Django API#

Django integration for py-oidc-auth.

Requires Django 4.1+ async views and an ASGI server (e.g. uvicorn, daphne, hypercorn). The broker verify() call is synchronous.

Install:

pip install py-oidc-auth[django]
conda install -c conda-forge py-oidc-auth-django

Usage:

# views.py
from django.http import JsonResponse
from py_oidc_auth.django_auth import DjangoOIDCAuth

auth = DjangoOIDCAuth(
    client_id="my-client",
    discovery_url="https://kc.example.com/realms/myrealm/.well-known/openid-configuration",
    scopes="myscope profile email",
    broker_mode=True,
    broker_store_url="postgresql+asyncpg://user:pw@db/myapp",
)

@auth.required()
async def protected(request, token):
    return JsonResponse({"sub": token.sub})

# urls.py
from django.urls import path, include

urlpatterns = [
    path("api/myapp/", include(auth.get_urlpatterns())),
    path("protected", protected),
]
class py_oidc_auth.django_auth.DjangoOIDCAuth(client_id: str = '', discovery_url: str = '', client_secret: str | None = None, scopes: str = 'profile email', audience: str | None = None, appname: str = 'py-oidc-auth', proxy: str = '', claims: Dict[str, Any] | None = None, offline_access: bool = True, timeout_sec: int = 10, jwks_uri: str | None = None, issuer: str | None = None, broker_mode: bool = False, broker_store_url: str | None = None, broker_store_obj: BrokerStore | None = None, broker_audience: str = 'py-oidc-auth', trusted_issuers: list[str] | None = None, broker_jwks_path: str = '/auth/v2/.well-known/jwks.json')#

Reusable OIDC authentication wrapper for Django async views.
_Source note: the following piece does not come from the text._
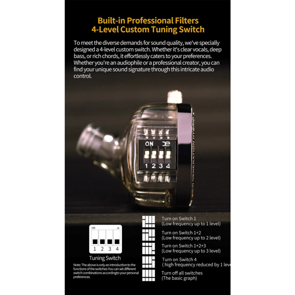 A newly designed 4-level custom tuning switch allows users to adjust low and high frequencies, enabling a personalized sound experience tailored to individual preferences. No software equalizer needed.

  • Use required() / optional() as view decorators.

  • Call get_urlpatterns() for a list of Django URL patterns with the standard OIDC endpoints. When broker_mode=True the token view issues broker JWTs and a JWKS view is included automatically.
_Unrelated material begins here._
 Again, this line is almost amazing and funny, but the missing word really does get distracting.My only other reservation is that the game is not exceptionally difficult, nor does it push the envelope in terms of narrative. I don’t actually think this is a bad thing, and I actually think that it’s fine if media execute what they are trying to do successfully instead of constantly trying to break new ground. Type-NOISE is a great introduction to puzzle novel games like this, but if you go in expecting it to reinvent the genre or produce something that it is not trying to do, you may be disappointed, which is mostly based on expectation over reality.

required(claims: Dict[str, Any] | None = None, scopes: str = '') Callable[[F], F]#

Enforce authentication on a Django async view.
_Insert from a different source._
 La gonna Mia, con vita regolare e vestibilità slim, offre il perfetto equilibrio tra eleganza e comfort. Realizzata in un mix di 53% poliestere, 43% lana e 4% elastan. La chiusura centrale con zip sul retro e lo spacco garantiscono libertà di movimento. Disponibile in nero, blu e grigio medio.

The decorated view receives the validated IDToken as an extra argument after request.

Parameters:

  • claims – Optional claim constraints (passthrough mode only).

  • scopes – Space-separated scope names.

Returns:

Decorator for Django async views.

Example

@auth.required()
async def protected(request, token):
    return JsonResponse({"sub": token.sub})
optional(claims: Dict[str, Any] | None = None, scopes: str = '') Callable[[F], F]#

Allow anonymous access.

The view receives IDToken | None as an extra argument.

Parameters:

  • claims – Optional claim constraints (passthrough mode only).

  • scopes – Space-separated scope names.

Returns:

Decorator for Django async views.

get_urlpatterns(login: str = 'auth/v2/login', callback: str = 'auth/v2/callback', token: str = 'auth/v2/token', device_flow: str | None = 'auth/v2/device', logout: str | None = 'auth/v2/logout', userinfo: str | None = 'auth/v2/userinfo', jwks: str | None = 'auth/v2/.well-known/jwks.json') List[django.urls.URLPattern]#

Return a list of Django URL patterns for standard OIDC routes.

Parameters:

  • login – Path for login.

  • callback – Path for callback.

  • token – Path for token exchange / broker JWT issuance.

  • device_flow – Path for starting the device flow.

  • logout – Path for logout.

  • userinfo – Path for userinfo.

  • jwks – Path for JWKS (broker mode only).

Returns:

List of django.urls.URLPattern.

Raises:

ValueError – When broker_mode=True and token is falsy.

Usage:

from django.urls import path, include
urlpatterns = [
    path("api/myapp/", include(auth.get_urlpatterns())),
]

Note: route paths should not have a leading slash — Django convention uses relative paths inside include().